La contraception masculine : encore un peu de boulot !
Laurine Mebarki, Lyon
Symposium SY-004
Contraception masculine : on y est enfin ?
Geoffroy Robin, Lille
Alors que la contraception féminine a constitué un progrès social majeur, elle peut rester pour de nombreuses femmes une contrainte. Est-il temps que les hommes participent plus activement ?

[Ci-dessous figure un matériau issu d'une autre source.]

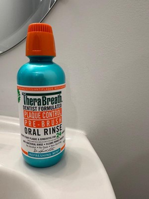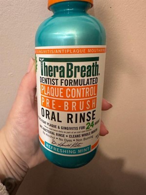- For a fresh breath mouthwash that fights plaque, rinse with TheraBreath Plaque Control Pre-Brush Oral Rinse, brush, floss, and then swish with your favorite TheraBreath mouthwash

Aujourd’hui, les options masculines restent encore limitées : retrait (très peu efficace), préservatif (qui peut être accepté par les couples de manière variable) et vasectomie (méthode définitive, dont la demande a fortement progressé ces dernières années avec une hausse de +491% entre 2010 et 2018). De nouvelles pistes sont explorées.
La testostérone à doses supra-physiologiques permet de freiner la spermatogenèse mais au prix d’effets secondaires notables comme la polyglobulie. L’association testostérone–progestatifs, à l’image des oestro-progestatifs pour les femmes, apparaît plus prometteuse. Les différents essais démontrent une efficacité proche de la contraception féminine, mais les schémas d’utilisation restent difficiles à mettre en œuvre.
Les gels cutanés combinant de la testostérone et de la nestorone, actuellement en phase II, sont particulièrement prometteurs. Ces gels freinent l’axe gonadotrope et permettent d’obtenir une oligospermie pour presque 90% des utilisateurs. Cependant, l’observance et l’acceptabilité restent à confirmer.
De nouvelles molécules orales qui sont des dérivés hormonaux synthétiques stéroïdiens (11-β -MNTDC ou diméthandrolone) ont une action androgénique et progestative avec une excellente tolérance clinique en phase I, mais sans données disponibles sur la fertilité pour l’instant. Affaire à suivre !
Du côté non hormonal, la contraception thermique nécessite une utilisation quotidienne prolongée.
Plusieurs stratégies s’intéressant aux molécules ciblant la spermatogenèse comme les antagonistes du récepteur de l’acide rétinoïque sont en cours d’étude. Ces molécules testées sur des modèles animaux entrainent une hypoplasie des tubes séminifères sans perturber l’axe gonadotrope, et leur réversibilité semble intéressante.
La « pilule masculine » n’est pas encore une réalité clinique, mais les avancées sont considérables. Toutefois, l’avenir de la contraception masculine dépendra autant des découvertes scientifiques et de l’investissement industriel que de l’évolution des mentalités et de la confiance des femmes à partager la responsabilité contraceptive.